I can only speak from experience with MIL, but any change in routine really sent her into a tailspin. She just couldn't cope with anything being different. As long as each day was the same routine, you'd hardly know she had dementia as it was just general forgetfulness and gradual inability to do things she used to be able to do. Go back a few years and she'd come on holiday with us, and generally "adapt" to the different accommodation, different car, and she'd just follow us around the airports, attractions, etc.
We first noticed a massive deterioration around five years ago when we took her on a short UK break. She was, as usual, fine on the journey and driving around the locality, amenities, shops, attractions, etc., but when we got back to the holiday cottage every day, she was an absolute nightmare. Asking us if it was our "new" home, where she'd be sleeping, how she'd be getting back up - she kept phoning her son to ask him to come and "rescue" her as she didn't know where she was or why she was there - this was when she was in the house where we and her grandchildren were. She kept padding around the house all night, waking everyone up, asking where she was, etc.

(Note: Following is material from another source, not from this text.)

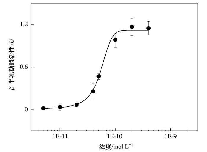 以DMSO為溶劑配置一系列E2標(biāo)液,按上述方法測(cè)定β-半乳糖苷酶誘導(dǎo)活性值,得出E2的劑量-活性效應(yīng)關(guān)系如圖 2所示.從中可以得出E2的EC50為6.73×10-11 mol ·L-1,與馬軍等[15]的研究結(jié)果 (5.95×10-11 mol ·L-1) 具有一致性,說(shuō)明了該方法的可行性.

We didn't take her away again, even day trips started to stress her out. So we eventually just got to the stage of only taking her out locally to shops she knew and to our own homes for the odd afternoon/meal, etc., which was fine due to the familiarity.

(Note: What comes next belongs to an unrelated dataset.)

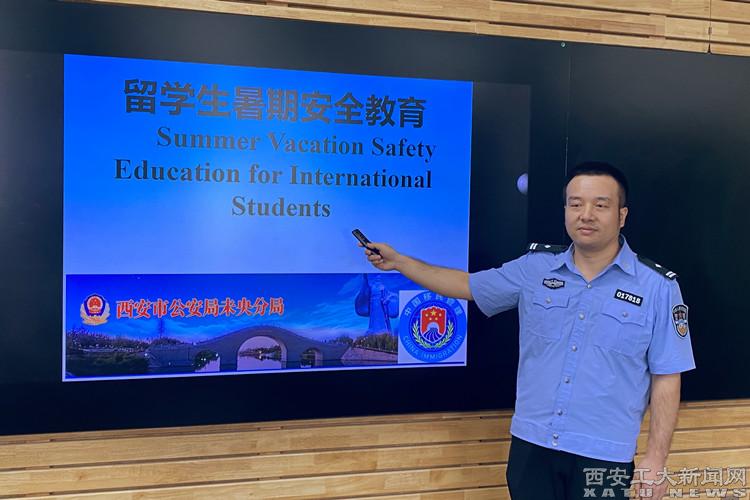 (本网讯)为持续做好暑期来华留学生安全教育管理和服务工作,进一步增强我校来华留学生法律意识,预防各类安全事故和违法事件的发生,7月11日下午,国际教育学院组织召开了2024年来华留学生暑期安全教育大会,并邀请西安市公安局未央出入境管理科付强警官作政策解读。

She went into hospital for a couple of days for a simple procedure, and apparently was a nightmare for the staff as she was getting violent, aggressive, argumentative etc during the night. We spent as much time as possible sitting with her during the day, but it was constant "why am I here", "where am I", etc. When she got back home, she was completely lost - couldn't turn the heating on, couldn't turn the TV on, couldn't change TV channel, didn't know how to boil a kettle, didn't know how to cook a meal or even make a sandwich. Started phoning us in the night asking where we were as she was on her own (after she'd been on her own in that house for 20 years since her husband died). However much we all sat with her, reminded her how to do things she'd been doing for years, she never got back to where she'd been after those two days in hospital.
It was really scary to see the sheer speed and scale of deterioration due to being out of her own familiar environment and it shows just how much day to day routine is more "muscle memory" rather than actual thinking/ability to do even basic mundane things. The lack of movement, i.e. being stuck in a bed for two days also clearly caused loss of oxygen to the brain which also made a massive difference. We'd always said she was better when she was active and worse when she'd had a "lazy" day.
She even came out thinking that her daughter was actually her mother! It's frightening how much alike the three generations were and yes, looking at photos, her daughter today does look similar to her mother looked 50 years ago in old pictures etc, so it looks like MIL's mind went right back to her younger years which partially explained why she couldn't do "modern" things, didn't know where she lived, even had no memory at all of her husband of nearly 40 years!
The whole thing is absolutely awful for the person themselves and those around them. The quicker we get some kind of treatment the better.